◆ **Task item**
The printed result should hold only the lines from the opening of the data through the line bearing "Este convite de", exactly as given and without pictures.

==== Excerpted records ====

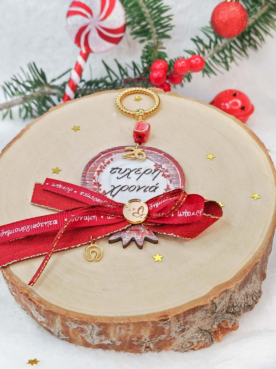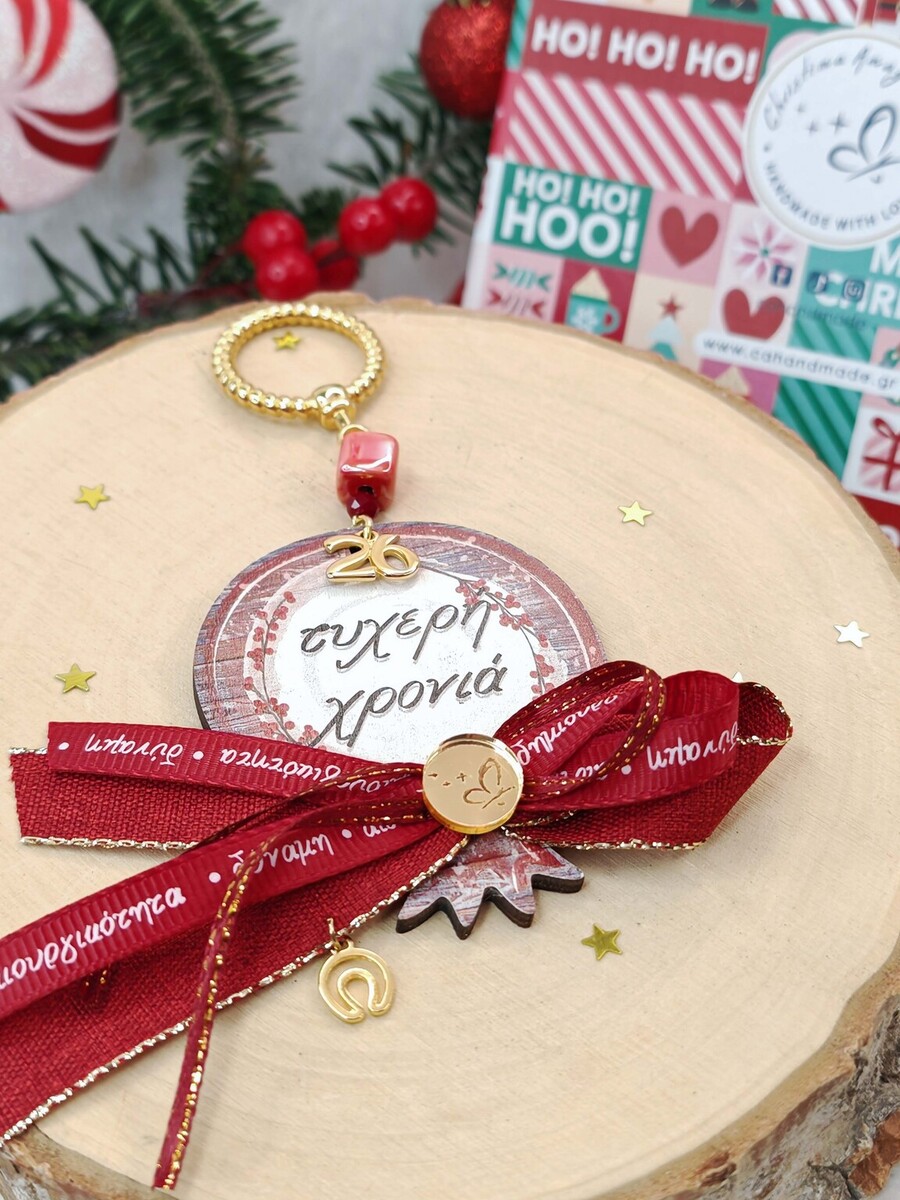 Ξύλινο ρόδι με ευχές για μια τυχερή χρονιά, με μεταλλικά στοιχεία και κεραμική χάντρα.
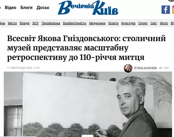 Вечірній Київ 11.11.2025 Всесвіт Якова Гніздовського: столичний музей представляє масштабну ретроспективу до 110-річчя митцяДізнатися більше
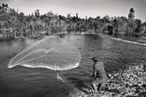在伊犁河邊撒網(wǎng)的男子
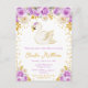 Este convite de chá de fraldas giro e caprichoso apresenta um elegante cisne e rosas roxos arranjos florais com falso confete dourado. O texto combina o script manuscrito e as fontes sans serif para uma aparência na moda e moderna. Isto é perfeito para um chá de fraldas temático cisne. Gráficos por Heideramalice e SunflowerDayLove
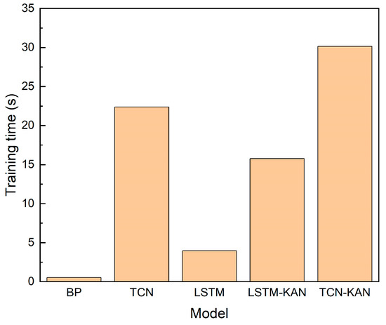 The results of the test and validation data confirm the superior performance and generalization ability of the hybrid model compared to the standalone network. The consistency of the hybrid model’s performance across both the training and validation datasets suggests that it effectively captures the underlying patterns of battery degradation. This demonstrates that the hybrid model not only performs well on the training data but also maintains high accuracy and stability when applied to new data. The error metrics of the five models on the test and validation dataset are shown in Table 3. It demonstrates that the prediction errors of the BP model are the largest among the five models. All the errors of the hybrid model are smaller than those of the original model. In the test dataset, the LSTM-KAN model has the fewest errors, and the MAE, MAPE, and RMSE are 0.412%, 0.462%, and 0.570%, respectively. In the validation dataset, the MAE of the LSTM and LSTM-KAN are 0.438% and 0.256%, which is in good agreement with the results of the test data. The SOH estimation performance of the LSTM-KAN and TCN-KAN models is comparable. The above results demonstrate that combining the KAN can effectively improve the estimation performance of conventional machine learning models, and the LSTM-KAN model has the best performance in SOH estimation, with a comprehensive comparison of testing and validation data results. Therefore, the LSTM-KAN model was used to further investigate the model performance under different input parameters. The training time of each model is shown in Figure 12. In Refs. [11,12], the SOH estimation models are established based on similar methods, but the estimation error (MAE: 1.16%, 1.957%) of the model in the literature is far larger than that proposed in this work (MAE: 0.412%).

====

◆ **Expected output**
 Ξύλινο ρόδι με ευχές για μια τυχερή χρονιά, με μεταλλικά στοιχεία και κεραμική χάντρα.
 Вечірній Київ 11.11.2025 Всесвіт Якова Гніздовського: столичний музей представляє масштабну ретроспективу до 110-річчя митцяДізнатися більше
在伊犁河邊撒網(wǎng)的男子
 Este convite de chá de fraldas giro e caprichoso apresenta um elegante cisne e rosas roxos arranjos florais com falso confete dourado. O texto combina o script manuscrito e as fontes sans serif para uma aparência na moda e moderna. Isto é perfeito para um chá de fraldas temático cisne. Gráficos por Heideramalice e SunflowerDayLove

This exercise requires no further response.